I've never met someone that cared about a thinner phone, they've been too thin since 2015..

People that want their ducking hradphine jacks? They are everywhere.

[–] [email protected] 1 points 4 days ago (7 children)

This is thing with not understanding how statistics work. The point is that your personal experience is biased.

These people are not passionate about phone thickness. They won't start or even have conversations about it. Specially since, for the most part, the companies are already catering to their tastes. But, if placed in front of a survey and asked to rank phone features by their importance for their purchase decisions, the overwhelming majority will rank other phones features way above a headphone jack. Most people on the planet are not audiophiles, and the majority of people perceive wires as an annoyance and an inconvenience.

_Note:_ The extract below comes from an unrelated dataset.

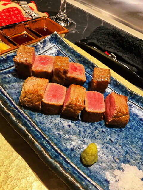 青森県産サーロイン、静岡県産シャトーブリアン食べ比べみたいな感じ。普通に白ご飯が欲しくなる!本当に美味しいのは、塩とワサビで充分!
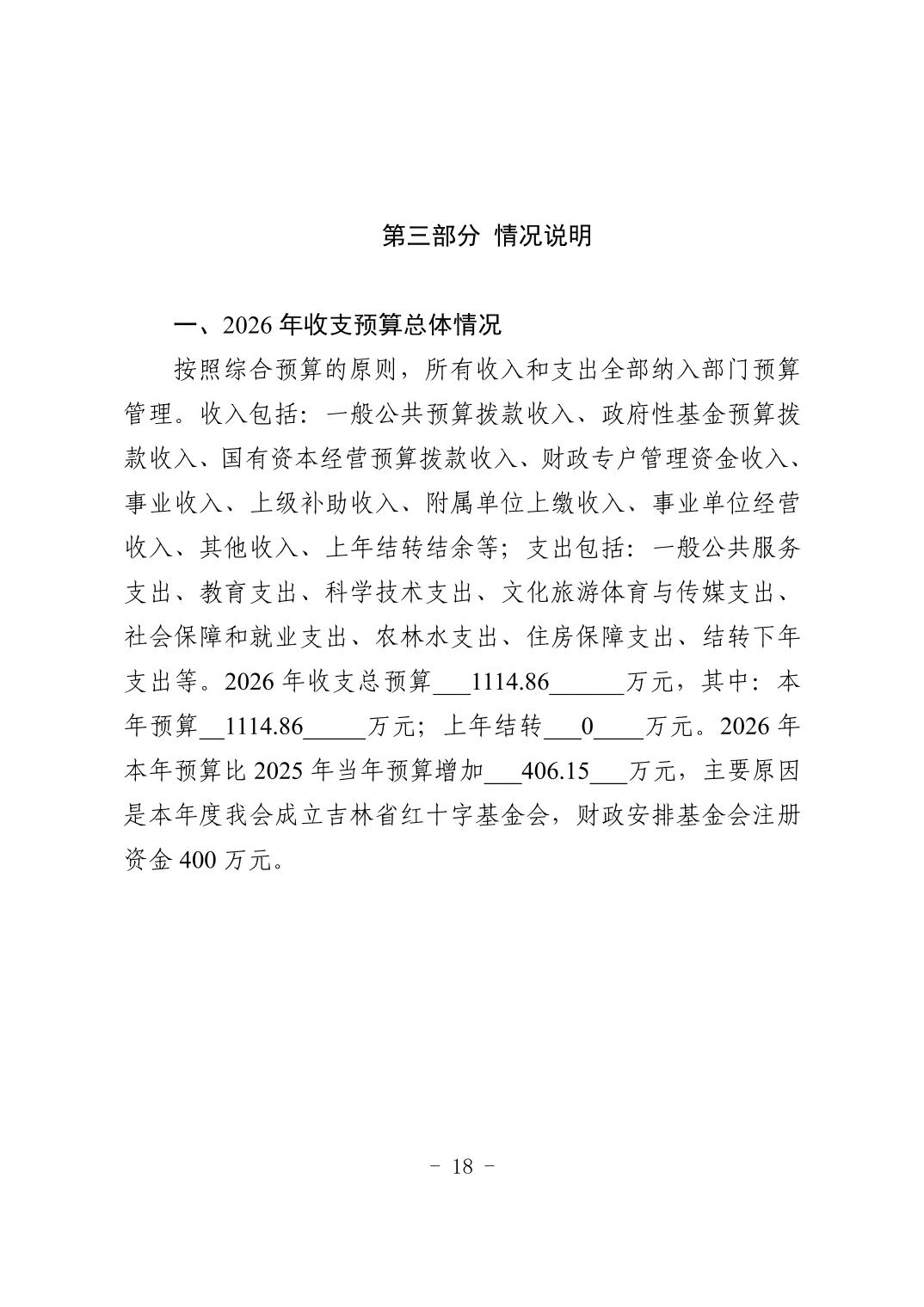 吉林省红十字会 2026 年部门预算

That is the point of surveying and market research. To check with the actual potential buyers what is worth making. Of course it isn't a guarantee, looking here at the recent flop of the Samsung Edge. But otherwise, a single person's perception of the market will never be complete or accurate.

[–] [email protected] 2 points 4 days ago* (last edited 4 days ago) (1 children)

Audio jack isn't an audiophile thing, it's a "I don't want to pay 100$ for headphones thing"

As for thickness, it doesn't increase thickness. It is simply false, someone even retrofitted a whole audio jack into an iphone.

Nobody makes q difference between a 4mm and a 4.5mm phone, even if tgey were feature and price parity.

The reason you are giving here is made up marketing by the phone industry so they can sell earbuds.

[–] [email protected] 1 points 4 days ago

I mean, yes. It is about marketing. I just think there are more people who think wires are annoying than people losing their earbuds. For every person who loses BT earbuds every 3 months, there's a person with the same pair for 3+ years who is perfectly happy with wireless quality. Companies don't care about that. They care about decisions that will reduce costs and increase their profits, and Fairphone desperately need profits. Making phones is idiotically expensive.